▶ _Data supplied_:

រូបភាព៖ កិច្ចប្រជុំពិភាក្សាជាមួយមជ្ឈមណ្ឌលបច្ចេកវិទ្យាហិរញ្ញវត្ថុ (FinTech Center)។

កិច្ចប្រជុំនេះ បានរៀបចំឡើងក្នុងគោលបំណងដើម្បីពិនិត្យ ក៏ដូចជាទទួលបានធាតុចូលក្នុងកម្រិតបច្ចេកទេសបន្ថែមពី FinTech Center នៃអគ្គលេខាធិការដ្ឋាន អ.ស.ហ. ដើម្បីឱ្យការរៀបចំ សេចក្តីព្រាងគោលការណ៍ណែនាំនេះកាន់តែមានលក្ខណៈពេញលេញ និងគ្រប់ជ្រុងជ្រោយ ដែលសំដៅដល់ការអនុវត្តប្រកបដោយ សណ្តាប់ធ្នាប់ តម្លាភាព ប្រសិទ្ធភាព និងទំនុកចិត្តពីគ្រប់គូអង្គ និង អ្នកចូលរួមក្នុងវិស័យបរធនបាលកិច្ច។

...

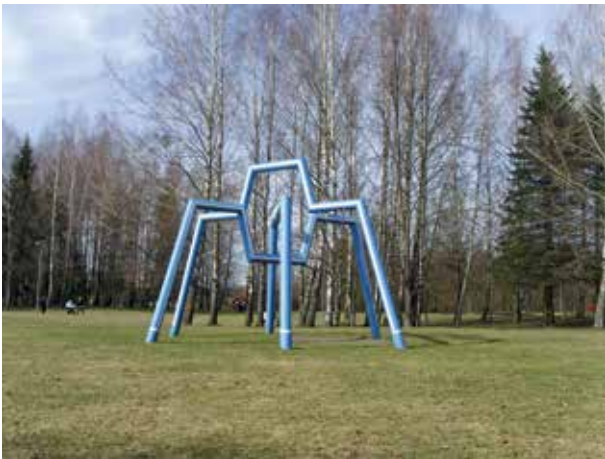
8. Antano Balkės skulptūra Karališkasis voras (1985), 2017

▶ _Your assignment_:
Every line that contains the string "FinTech" should be copied from the records.

▶ _Problem solution_:
រូបភាព៖ កិច្ចប្រជុំពិភាក្សាជាមួយមជ្ឈមណ្ឌលបច្ចេកវិទ្យាហិរញ្ញវត្ថុ (FinTech Center)។
កិច្ចប្រជុំនេះ បានរៀបចំឡើងក្នុងគោលបំណងដើម្បីពិនិត្យ ក៏ដូចជាទទួលបានធាតុចូលក្នុងកម្រិតបច្ចេកទេសបន្ថែមពី FinTech Center នៃអគ្គលេខាធិការដ្ឋាន អ.ស.ហ. ដើម្បីឱ្យការរៀបចំ សេចក្តីព្រាងគោលការណ៍ណែនាំនេះកាន់តែមានលក្ខណៈពេញលេញ និងគ្រប់ជ្រុងជ្រោយ ដែលសំដៅដល់ការអនុវត្តប្រកបដោយ សណ្តាប់ធ្នាប់ តម្លាភាព ប្រសិទ្ធភាព និងទំនុកចិត្តពីគ្រប់គូអង្គ និង អ្នកចូលរួមក្នុងវិស័យបរធនបាលកិច្ច។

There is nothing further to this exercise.